Feature List Files¶

Maintain a JSON feature list with per-feature status and acceptance criteria; agents work it sequentially and cannot mark a feature passing until its criteria pass.

The Problem with Agent Self-Report¶

Agents left to self-report progress are optimistic. Anthropic's harness post documents a specific failure mode: "after some features had already been built, a later agent instance would look around, see that progress had been made, and declare the job done." Without an external contract, an agent marks a feature complete on whether the implementation looks plausible — not whether it passes acceptance criteria, so partially implemented work gets labeled done and the error compounds across sessions.

A machine-readable feature list with explicit pass/fail status replaces self-report with a verifiable contract — the foundation of reliable long-running agent work.

Structure¶

Each feature entry includes:

{
  "id": "feature-42",
  "description": "User can reset password via email link",
  "status": "failing",
  "acceptance_criteria": [
    "POST /auth/reset-request returns 200 with valid email",
    "Reset link expires after 1 hour",
    "Password changed successfully via link"
  ]
}

All features start with status: "failing". The agent cannot change status to passing unless the acceptance criteria are met.

Agent Contract¶

The system prompt makes the feature list the system of record. This aligns with LangChain's harness engineering findings: "the more that agents know about their environment, constraints, and evaluation criteria, the better they can autonomously self-direct their work."

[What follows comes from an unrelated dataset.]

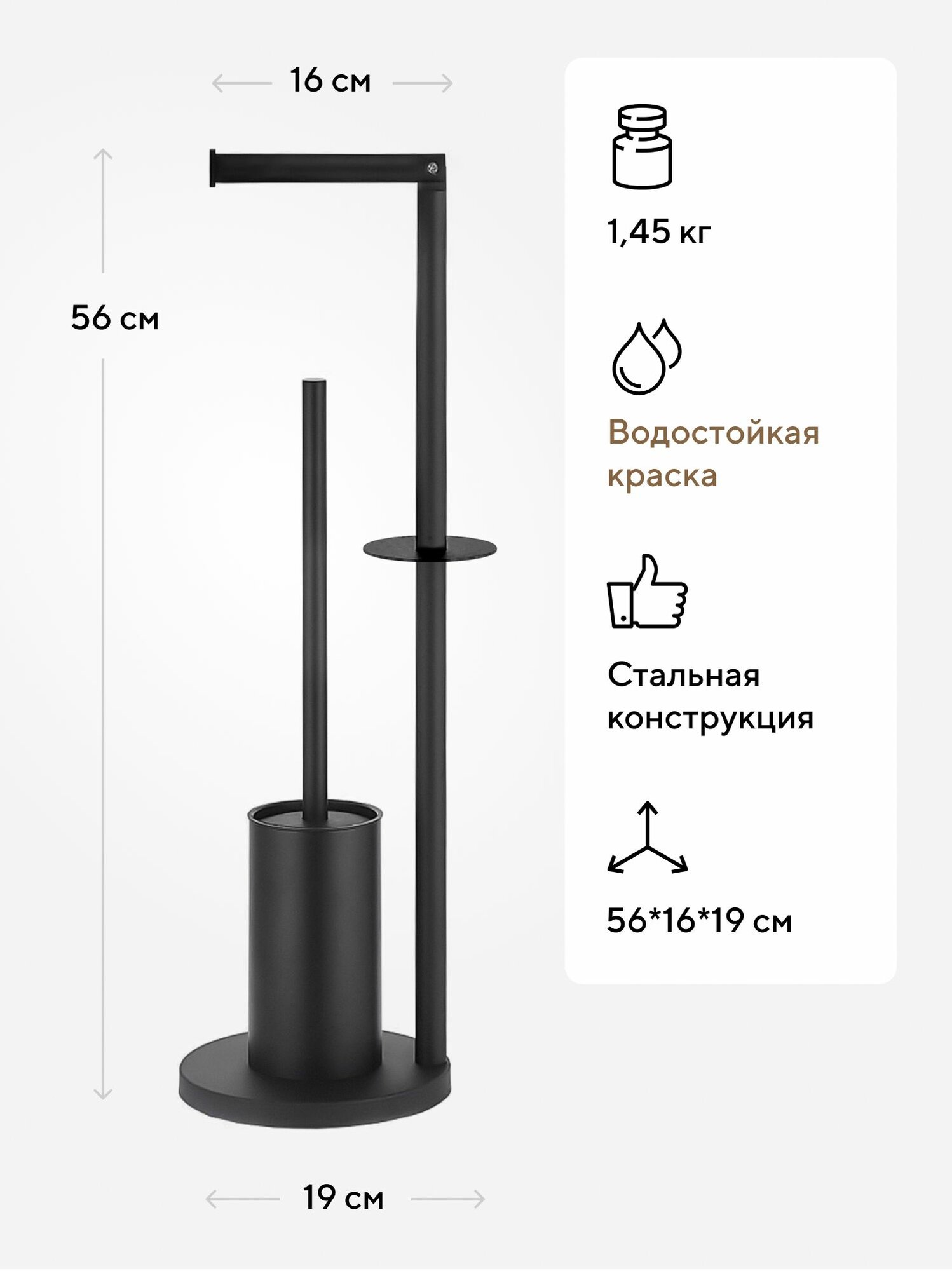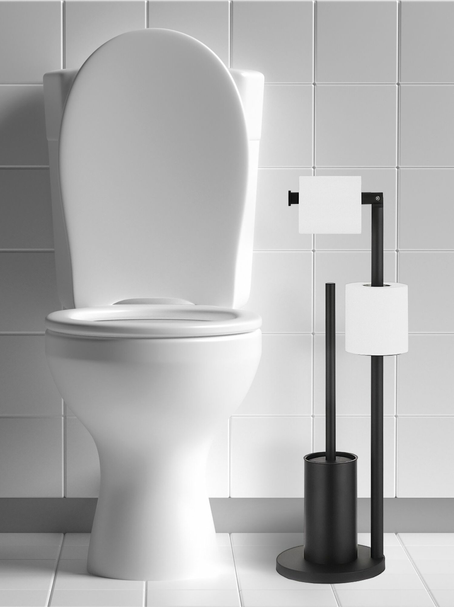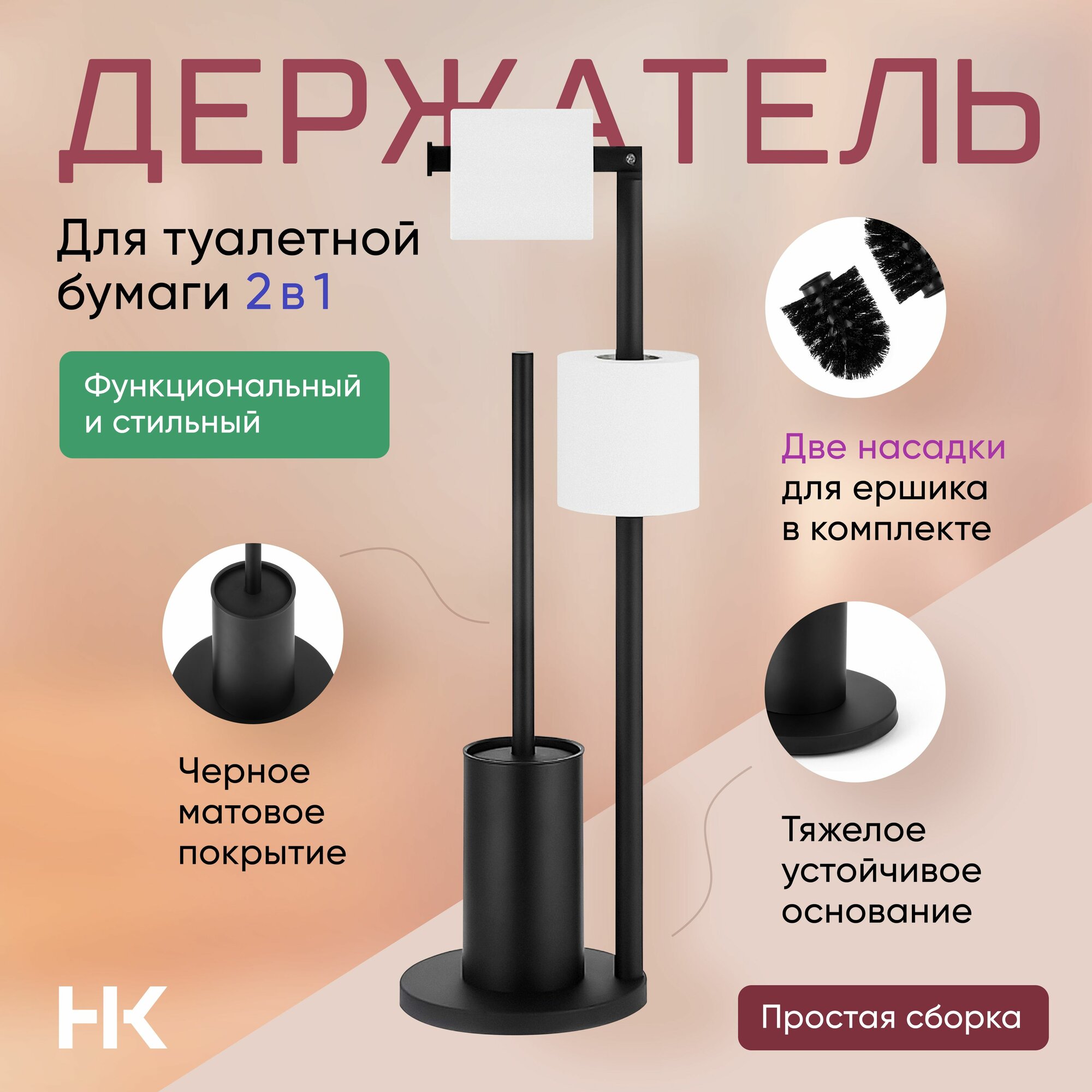 Напольный держатель для туалетной бумаги на два рулона с ёршиком Housekult 2 в 1 — это идеальное решение для современной ванной комнаты. Больше не нужно покупать аксессуары отдельно и придумывать как их сочетать.

Work through features in priority order
Select the highest-priority failing feature
Implement it, run verification, and check each criterion
Update status to passing only when all criteria pass
Commit and move to the next feature

The explicit instruction from Anthropic's harness post is blunt: "it is unacceptable to remove or edit tests because this could lead to missing or buggy functionality." This rule must appear verbatim in the agent's instructions.

Pass-Gate Policy¶

"Agent did not self-promote" is not enough — the harness needs explicit commit semantics for the failing → passing transition. The walkinglabs harness-engineering lecture on feature lists specifies four conditions, all required:

The expected workflow has been exercised end-to-end
The evidence of success is recorded
No blocking error is present in the tested path
The implementation does not leave the app in a broken or ambiguous state

Treat the gate as a database trigger, not an application-level check: a separate verifier runs the conditions on each transition attempt and rejects the write if any fail. Conditions 1–2 defeat the tests-pass-but-feature-doesn't-work failure mode Anthropic documents; condition 4 forces the agent to account for half-applied migrations, partial config edits, and inconsistent background-job state.

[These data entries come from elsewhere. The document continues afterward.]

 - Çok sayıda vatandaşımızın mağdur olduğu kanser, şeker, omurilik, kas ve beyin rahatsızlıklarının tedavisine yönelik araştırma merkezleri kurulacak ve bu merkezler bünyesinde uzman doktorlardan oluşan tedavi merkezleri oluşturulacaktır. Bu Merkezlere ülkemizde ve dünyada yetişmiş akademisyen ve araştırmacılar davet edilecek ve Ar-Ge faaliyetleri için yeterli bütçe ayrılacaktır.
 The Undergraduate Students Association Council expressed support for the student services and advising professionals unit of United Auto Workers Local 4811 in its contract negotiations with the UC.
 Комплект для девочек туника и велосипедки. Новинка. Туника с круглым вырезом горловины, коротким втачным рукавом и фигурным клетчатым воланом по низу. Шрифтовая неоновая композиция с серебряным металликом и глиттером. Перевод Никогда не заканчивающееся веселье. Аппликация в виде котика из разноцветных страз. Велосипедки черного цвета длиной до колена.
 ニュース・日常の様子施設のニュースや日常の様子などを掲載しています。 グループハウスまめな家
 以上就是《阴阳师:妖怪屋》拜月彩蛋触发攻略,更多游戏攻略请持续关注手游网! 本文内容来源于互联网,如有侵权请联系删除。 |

Feature List as State Machine¶

The feature list defines four states and one allowed transition path:

not_started — scheduler selects from here
active — work in progress; verifier re-runs the four conditions
blocked — a prerequisite is unmet; resolved by working a dependency first
passing — verifier accepted the transition

Per the walkinglabs lecture, active → passing is irreversible and only the verifier can write it. The list outranks conversation history: if the transcript says a feature works but the list says failing, the list wins. The agent re-reads it every turn — recorded state, not remembered state. Four harness roles operate on the same list: scheduler, verifier, handoff reporter, and progress tracker — none of them the agent itself.

Validation Strategy¶

Unit tests alone are insufficient for many feature validations. Per the Anthropic harness post: "Claude tended to make code changes, and even do testing with unit tests or curl commands against a development server, but would fail to recognize that the feature didn't work end-to-end." Browser automation (Playwright, Puppeteer) validates user-facing features the way a human user would.

Each feature entry's acceptance criteria should specify which validation method applies: automated test suite, browser automation, or both.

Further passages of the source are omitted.